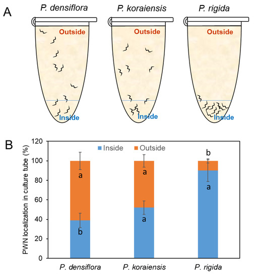Movement of PWNs inside and outside of resin from three Pinus species (P. densiflora, P. koraiensis, and P. rigida) during 3 days of culture. (A) Location of PWNs in resin or outside of resin in a PCR tube. (B) Number of PWNs located in resin (inside) or outside of resin after 3 days. Experiment was repeated in triplicate. Error bars indicate the standard error of the mean (±SE) of three replicate measurements. Different letters above the bars indicate significantly different values (p < 0.05), calculated using one-way ANOVA followed by Duncan’s post hoc analysis.
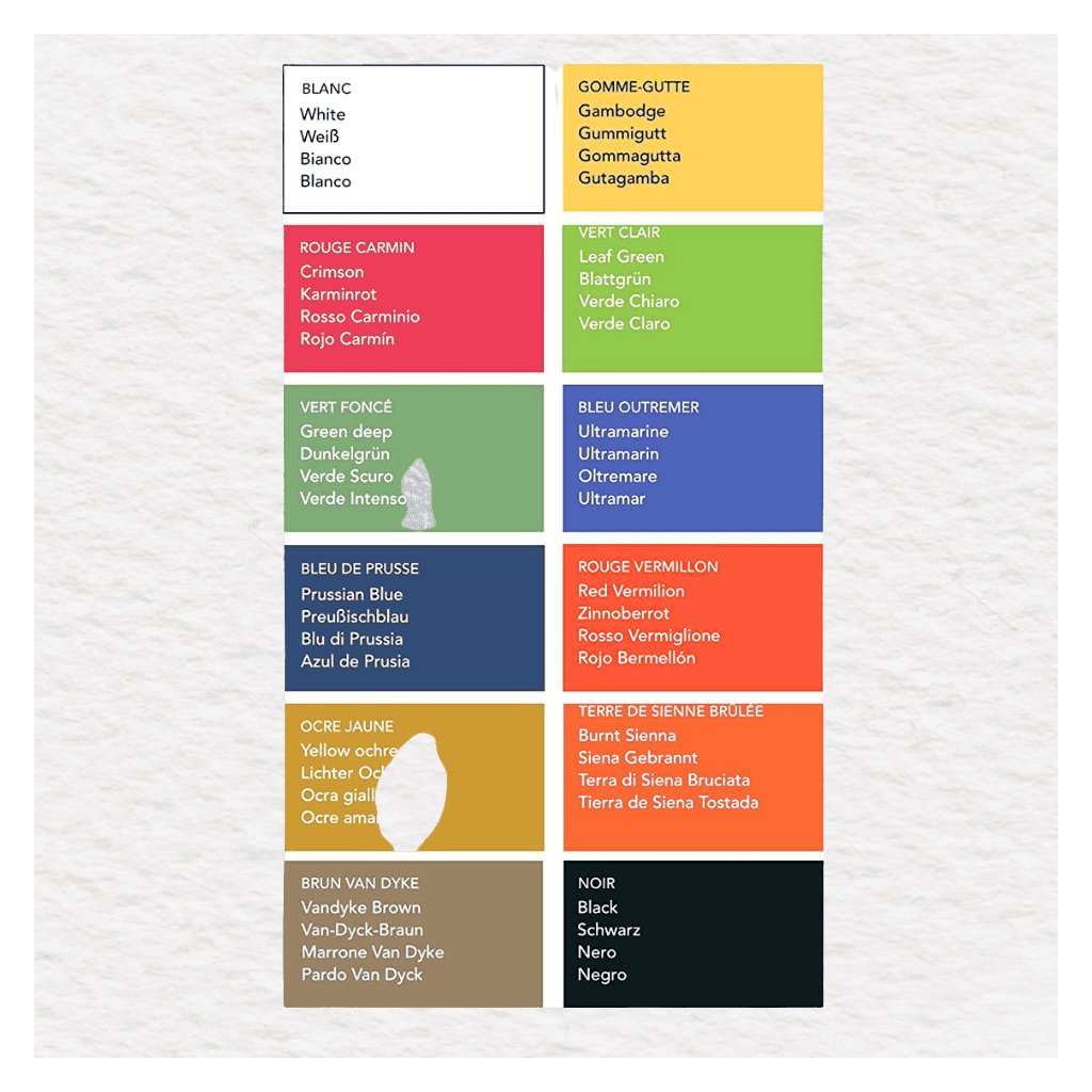 - odtiene: Lemon Yellow, Cadmium Yellow Light, Cadmium Red, Purple Lake, Ultramarine, Intense Blue, Viridian, Yellow Ochre, Raw Sienna, Burnt Umber, Payne’s Grey, Chinese White
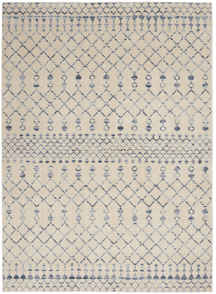 Details: With soft, neutral palettes and mono-tonal colorways, the Royal Moroccan collection brings simplicity and serenity to the modern lifestyle. These handsome rugs feature intricate geometric patterns based on Moroccan tribal designs. They are presented here in easy-living polypropylene fibers, power loomed for durability and lasting beauty. As soft and supple as they are practical, Royal Moroccan area rugs are ideal for a wide array of decorating styles, from traditional to contemporary bohemian. The superb subtlety of blue on beige, gently faded for vintage appeal, gives this Royal Moroccan area rug special appeal. The lively, geometric tribal pattern adds visual excitement. Pull the room together with this handsome and versatile rug, soft and livable in easy-care fibers.
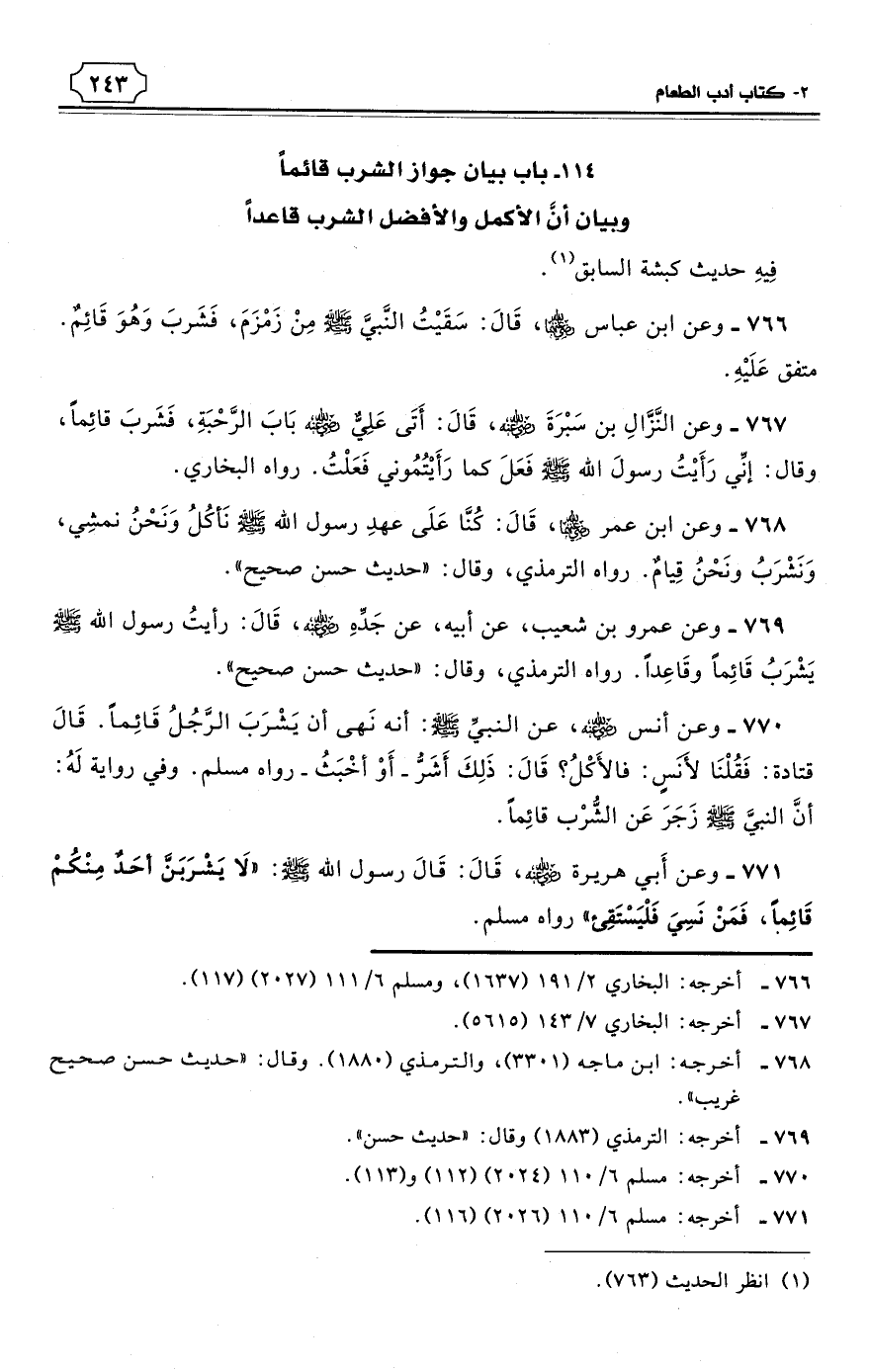 766 - وعن ابن عباس رضي الله عنهما، قَالَ: سَقَيْتُ النَّبيَّ - صلى الله عليه وسلم - مِنْ زَمْزَمَ، فَشَربَ وَهُوَ قَائِمٌ. متفق عَلَيْهِ (¬2).

Your objective >> Repeat the listing above exactly, omitting the pictures it contains.

Solution below >>
Movement of PWNs inside and outside of resin from three Pinus species (P. densiflora, P. koraiensis, and P. rigida) during 3 days of culture. (A) Location of PWNs in resin or outside of resin in a PCR tube. (B) Number of PWNs located in resin (inside) or outside of resin after 3 days. Experiment was repeated in triplicate. Error bars indicate the standard error of the mean (±SE) of three replicate measurements. Different letters above the bars indicate significantly different values (p < 0.05), calculated using one-way ANOVA followed by Duncan’s post hoc analysis.
 - odtiene: Lemon Yellow, Cadmium Yellow Light, Cadmium Red, Purple Lake, Ultramarine, Intense Blue, Viridian, Yellow Ochre, Raw Sienna, Burnt Umber, Payne’s Grey, Chinese White
 Details: With soft, neutral palettes and mono-tonal colorways, the Royal Moroccan collection brings simplicity and serenity to the modern lifestyle. These handsome rugs feature intricate geometric patterns based on Moroccan tribal designs. They are presented here in easy-living polypropylene fibers, power loomed for durability and lasting beauty. As soft and supple as they are practical, Royal Moroccan area rugs are ideal for a wide array of decorating styles, from traditional to contemporary bohemian. The superb subtlety of blue on beige, gently faded for vintage appeal, gives this Royal Moroccan area rug special appeal. The lively, geometric tribal pattern adds visual excitement. Pull the room together with this handsome and versatile rug, soft and livable in easy-care fibers.
 766 - وعن ابن عباس رضي الله عنهما، قَالَ: سَقَيْتُ النَّبيَّ - صلى الله عليه وسلم - مِنْ زَمْزَمَ، فَشَربَ وَهُوَ قَائِمٌ. متفق عَلَيْهِ (¬2).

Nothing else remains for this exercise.